What you are asked to do
Could you please output only the lines from the one holding "Recapture. | |" through the end of the listing below, exactly as written and without pictures?

***** Information provided

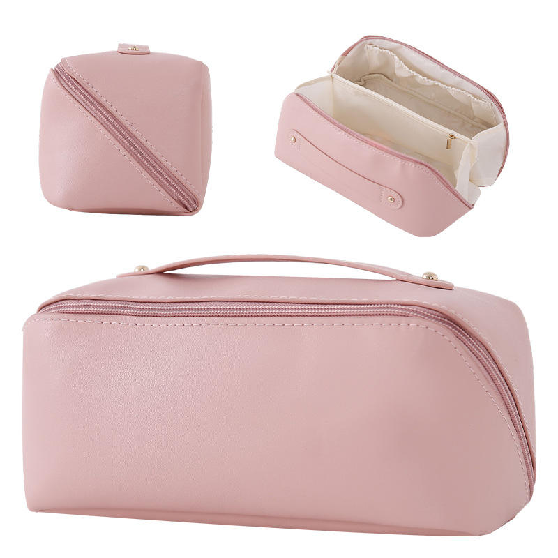 Sac de maquillage de luxe en cuir PU grande capacité, trousse de toilette portable avec plusieurs compartiments, doublure imperméable, parfait
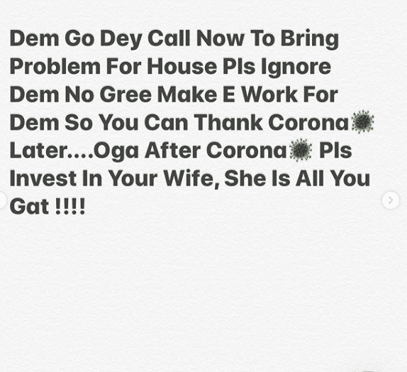 According to Cubana Chief Priest, some side chicks are worried that their men won’t return to them after the Coronavirus pandemic because some smart wives must have used the opportunity to work on their husbands.
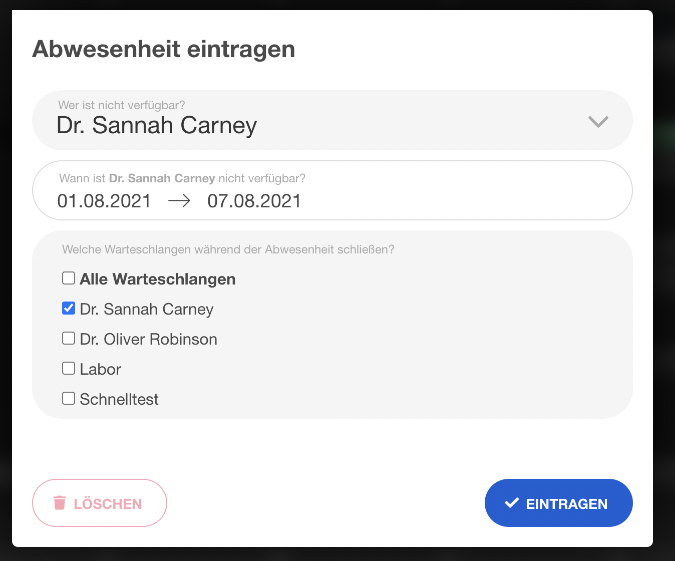 | 39 | ![]() | Absence date range modal | Modal to set absence dates + linked queues. Recapture. | |
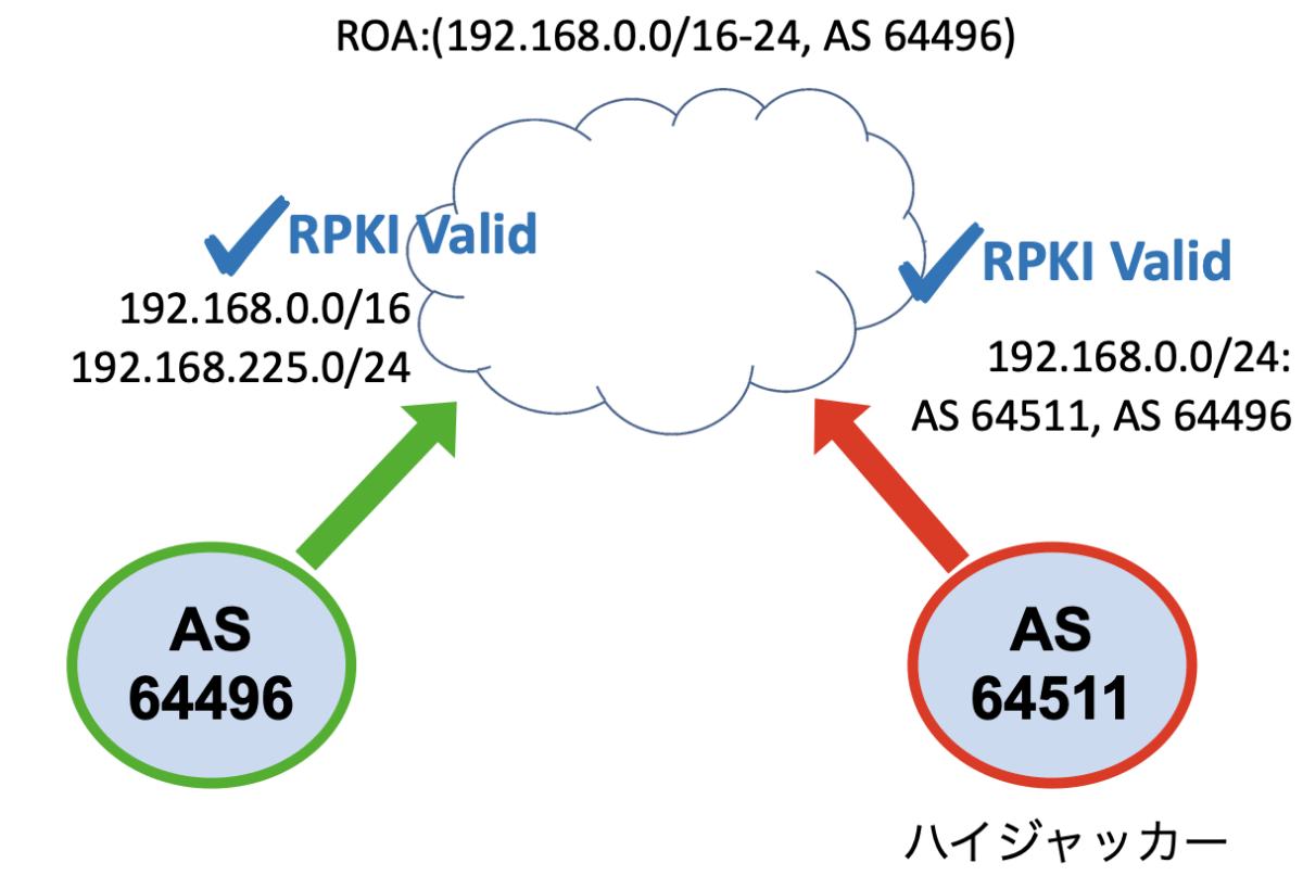 ROA (192.168.0.0/16-24, AS 64496)は、AS 64496が192.168.0.0/24のBGP経路を発信すること認可しているため、ハイジャッカーのBGPアナウンスはRPKIに従って有効である。

**********

Completed exercise
 | 39 | ![]() | Absence date range modal | Modal to set absence dates + linked queues. Recapture. | |
 ROA (192.168.0.0/16-24, AS 64496)は、AS 64496が192.168.0.0/24のBGP経路を発信すること認可しているため、ハイジャッカーのBGPアナウンスはRPKIに従って有効である。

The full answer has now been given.